Je n'avais reçu qu'une pomme de pins sur la tête, mais lorsque je me concentrai un peu plus, je vis que les trois garçons en recevaient beaucoup plus que moi et Chagum.
« Alika, recule, résonna la voix de mon commandant esprit dans ma tête.
- ... Tu es le responsable ? demandai-je. »
Pour toutes réponses, j'entendis son rire dans mon esprit et je reculai. Le petit frère commença à avoir peur.
« Je crois que la forêt veut pas de nous, geignit-il.
- Ouais, je suis d'accord, avoua le troisième garçon. Allons-nous en... avant d'être maudit.
- Les magic-weavers vont nous suivre sinon... Oniisan. »
L'aîné me jeta un regard noir.
« Cette forêt veut pas de nous, mais toi (il me pointa du doigt) tu es la bâtarde la plus stupide et la plus conne que j'ai rencontré.

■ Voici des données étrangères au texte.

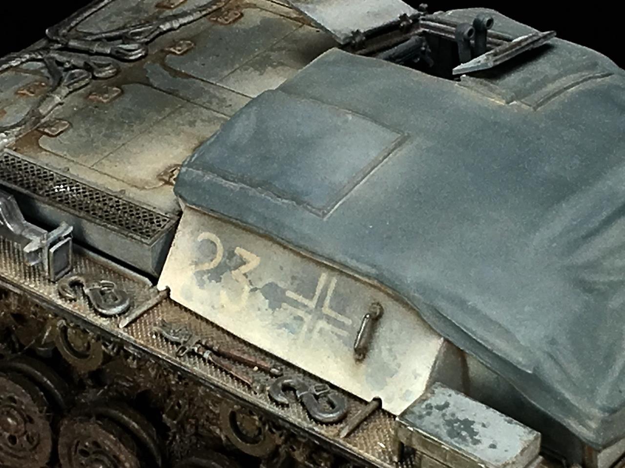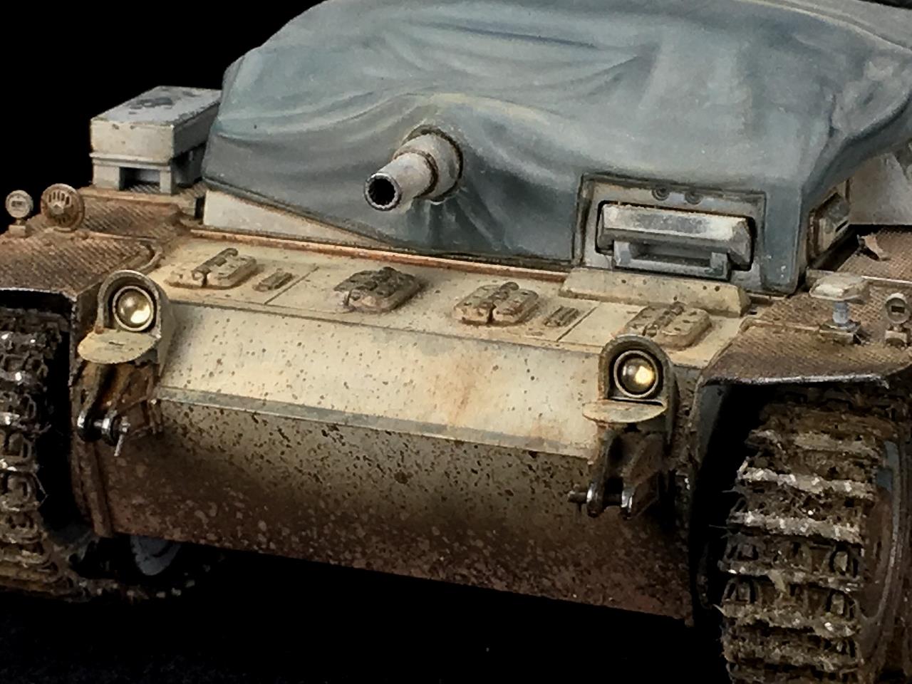 타미야의 3호전차에 Panzerart의 레진캔버스, 마스터클럽 궤도 남은 에칭과 레진 악세서리를 사용하여 만들었습니다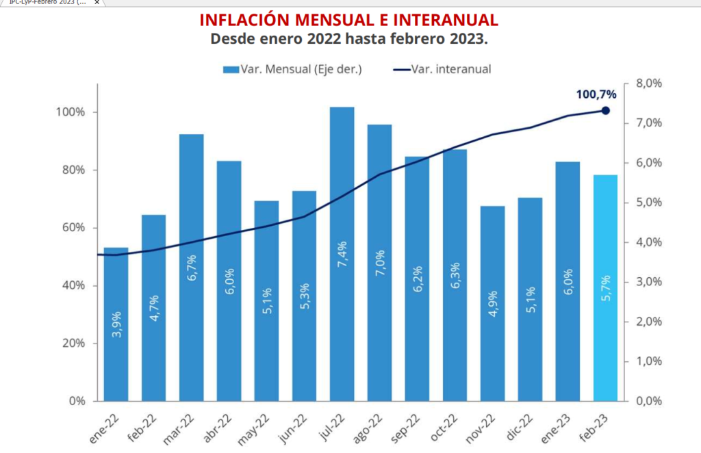Como resultado, ya son 13 meses consecutivos en los que la inflación se acelera en términos interanuales, llegando a duplicarse desde el valor de enero del 2022 (50,7%). A su vez, durante el primer bimestre del año, la inflación acumulada llegó a 12,1%, cifra que supera al 8,8% del mismo período del 2022.

- La ferme ! me défendit Chagum. »
Les trois garçons partirent sous la pluie de pommes de pins. Une fois le calme revenu, Chagum me dit qu'il voulait explorer ma forêt et, mettant cette histoire de côté, je lui montrai les différents endroits. Nous passâmes notre soirée à se raconter nos vies. Je le questionnai beaucoup sur la sienne. Enfin, je lui demandais aussi ce que voulait dire le mot « bâtarde ».
Au début, il ne voulut pas m'en parler. J'utilisais donc mon énergie pour insister et il a céda. Chagum me dit que le mot « bâtard » était une insulte envers une personne qui était née hors-mariage. C'est malaisé qu'il se coucha à mes côtés. Je me retournai sur mon futon et observai la lune. Ainsi j'étais une « bâtarde » ? Le mariage, je n'avais jamais pensé à ça. Je savais que j'étais un accident et que je n'étais pas prévue. Mais Maman, Papa, et même Grand-Mère, m'aimaient beaucoup et j'étais heureuse. Je n'avais jamais rien manqué dans ma vie et je recevais toujours de l'amour et de l'affection...
Je ne voulus pas en faire part à Papa. En fait, je me confiais rarement à lui. Je préférais être aux côtés de Maman pour les secrets. C'était plus simple... selon moi.